The first question we ask is why would one use an electric field to control magnetism, while it would be straightforward to instead use a magnetic field? One key reason is to reduce the energy consumption, perhaps by as much as a few orders of magnitude. To illustrate this, we consider two possible scenarios. The first describes how a moving electron can create a spin torque, of interest in spin transfer torque (STT)-based memory devices, Figure 2a (FM1 and FM2 are ferromagnetic layers separated by an insulating layer to form the magnetic tunnel junction). Each electron carries with it a moment of 1 Bohr-magneton that generates a large enough spin torque to move domain walls; switching magnetization requires a large number of electrons (i.e., a large current), which, in turn, requires an appropriate current source (i.e., a battery). For nominal dimensions (e.g., 10 nm × 10 nm lateral dimensions) one can estimate the energy consumed in this process, which is on the order of a few femtoJoules (Figure 2a). One can contrast this to a capacitive device, with an electric field modulating the charge. Depending upon the dielectric permittivity, one can generate relatively large fields on the order of 10 kV/cm in the dielectric (Figure 2b). In turn, the energy required to manipulate a 10 nm × 10 nm capacitor with a dielectric constant of ∼100 can be on the order of 1 attoJoule.

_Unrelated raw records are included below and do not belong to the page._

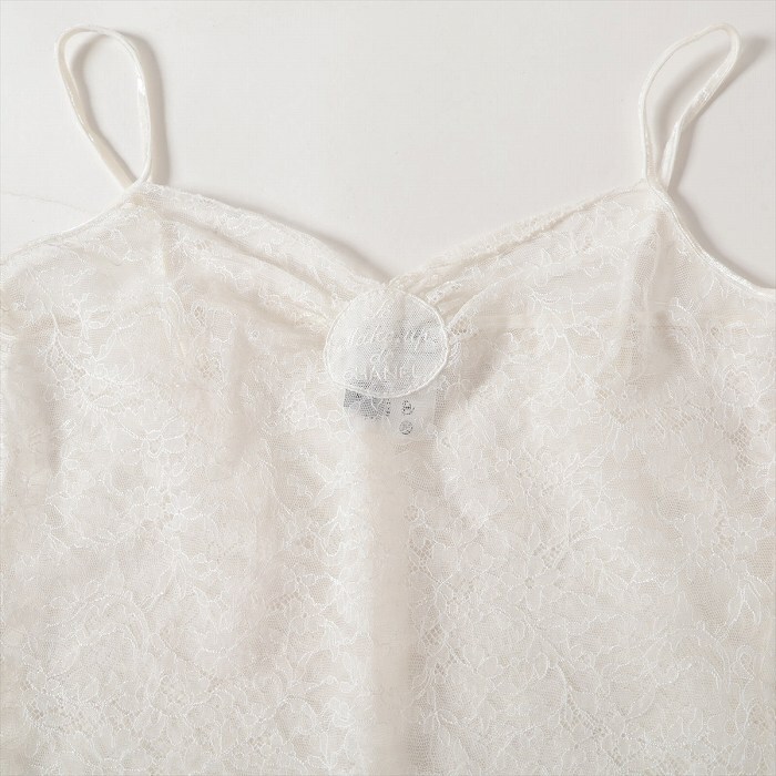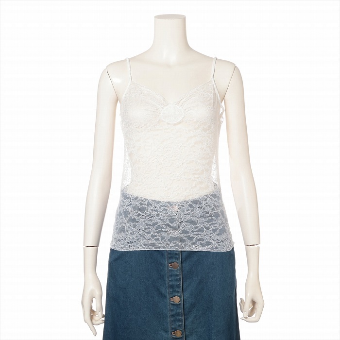 | シャネルのレース素材を使用したキャミソール。 シアーになっていてとても可愛いデザインで胸元のワンポイントの刺繍が目を惹きます。 レイヤリングで浮き出る花柄レースはフェミニンな印象を与え様々な着回しが楽しめるキャミソール、この機会にいかがでしょうか。 |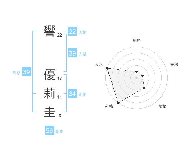 響 優莉圭さんを姓名の画数から五運を鑑定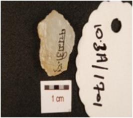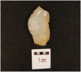 | Description / विवरण | Fragment of a chalcedony blade with flake scars, cortex on dorsal and use-wear marks on edge and prepared platform, bulb on ventral. |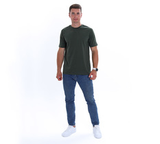Базовая однотонная мужская футболка прямого силуэта без принта. Выполнена из трикотажного полотна: хлопкового с добавлением лайкры. Горловина округлой формы с усилителем горловины спинки.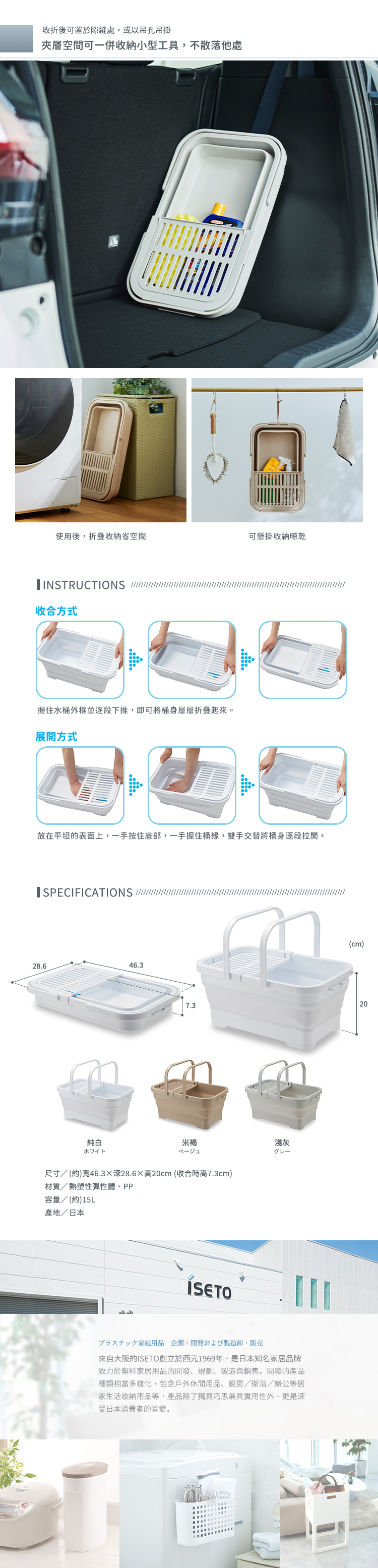 尺寸:(約)寬46.3×深28.6×高20cm (收合時高7.3cm)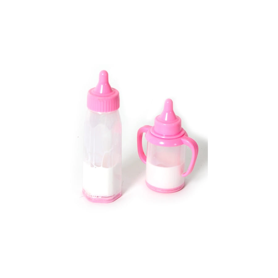 Mais que donner à manger à mes poupées ? Voilà une question que bien des petites filles doivent se poser tous les jours au moment des jeux. Afin d'éviter qu'elles ne se mettent à leur donner leur goûter ou leurs repas,et de salir constamment leurs poupées, offrez à vos jeunes demoiselles ces biberons magiques. Il y a du lait à volonté, c'est magique, ça ne se termine jamais ! Voici un lot de 2 biberons, l'un sans poignées, de 12 cm, et l'autre avec poignées, de 8 cm, tous deux de couleur rose, offerts sur un blister de 20 x 14 cm.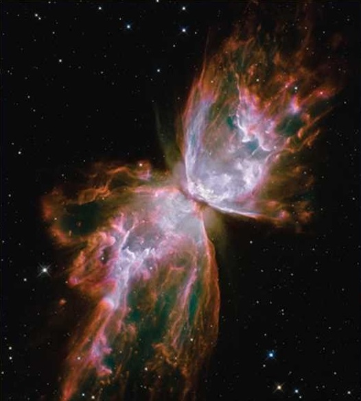 ในขั้นตอนสุดท้ายของวิวัฒนาการของดาวฤกษ์ สิ่งห่อหุ้มรอบนอกของดาวฤกษ์ (ที่มีลักษณะเดียวกันกับดวงอาทิตย์) จะถูกพัดออกไปยังตัวกลางระหว่างดาวฤกษ์ที่อยู่รอบ ๆ เหลือไว้เพียงแกนกลางที่ร้อนและไม่มีอะไรห่อหุ้ม ภาพนี้แสดงถึงเนบิวลาดาวเคราะห์ โดยรังสีเหนือม่วงที่แผ่ออกจากแกนกลางให้ความสว่างกับแก๊สและฝุ่นที่ถูกขับออกไป ก่อเป็นรูปร่างซึ่งเป็นที่มาของชื่อ “เนบิวลาผีเสื้อ (Butterfly Nebula)” ในอนาคตเนบิวลานี้จะเหลือเพียงแกนกลางของดาวฤกษ์ตั้งต้นที่เผาไหม้ไฮโดรเจนเท่านั้น ที่เราเรียกว่า ดาวแคระขาว

Figure 2. A set of schematics illustrating the energy consumption for nominal devices. (a) Current-driven spin-torque switching device. Each electron can transfer only 1 µB, intrinsically requiring large currents and charge. (b) Voltage-driven magnetoelectric switch. Each charge can generate a field of e/(ε.A) intrinsically requiring small amount of charge for high fields. Note: FM, ferromagnet; ME, magnetoelectric.

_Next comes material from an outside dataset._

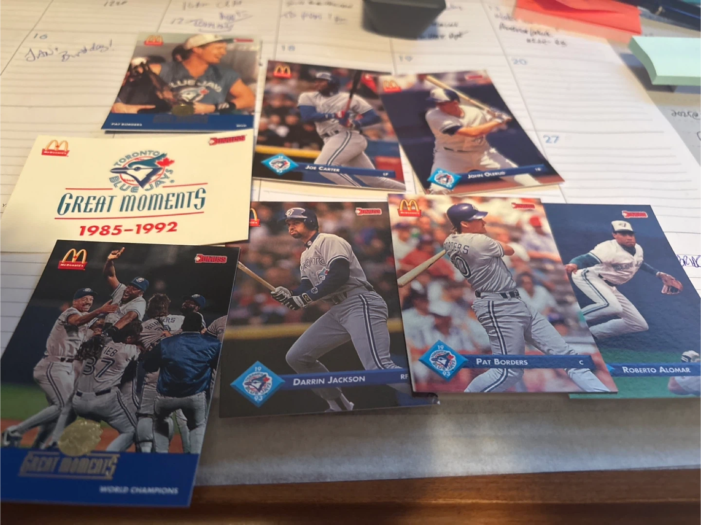 Selling a collection of Toronto Blue Jays Great Moments trading cards from 1985-1992. These cards feature iconic players and moments from the team's history. A great addition for any Blue Jays fan or collector!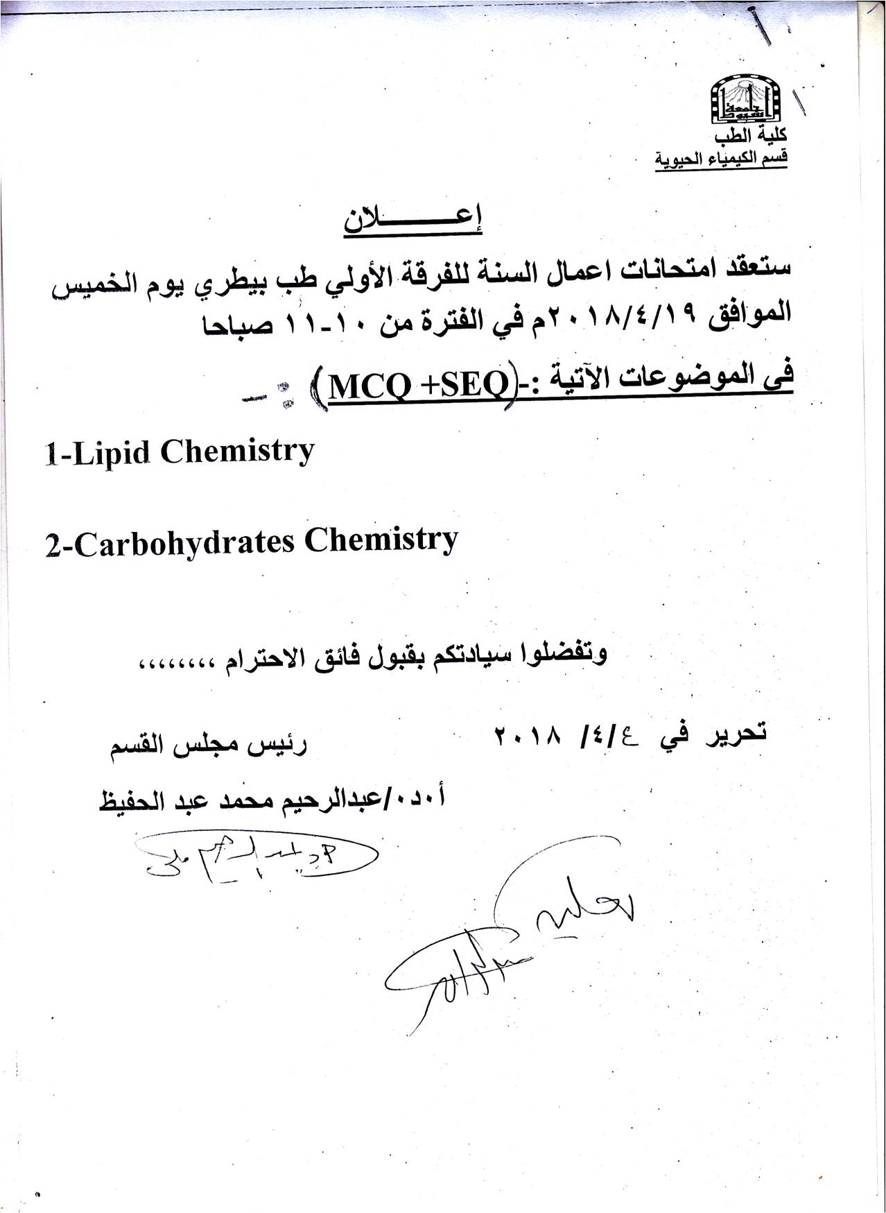 خاص بامتحان الكيمياء الحيوية للمستوى لأول

We now consider the prospects and progress in electric-field control of magnetism. We focus on the use of multiferroics and magnetoelectrics as the pathway. With the pace of this field and its breadth, it will be impossible to cover all of the developments within this article. Therefore, we direct the reader toward two recent reviews13,14 of this subject for in-depth information on various pathways.

First, it seems pertinent to describe the symmetry basis for multiferroics and magnetoelectrics, as shown in Figure 3. Magnetism breaks time-reversal symmetry. The key symmetry-breaking attribute of a magnet is that reversal of the current direction (equivalent to reversing time) leads to a reversal of the magnetic field direction. A ferroelectric, on the other hand, breaks spatial inversion symmetry (e.g., a mirror plane is lost during the phase transition). In contrast to these two, a ferroelastic (such as martensite) breaks neither time nor spatial inversion symmetry. The apparent lack of a fourth component to complete this picture was recognized in the early years of multiferroics research,15 leading to the addition of a fourth-order parameter, namely, a ferrotoroidic order (i.e., one that breaks both time and spatial inversion symmetry).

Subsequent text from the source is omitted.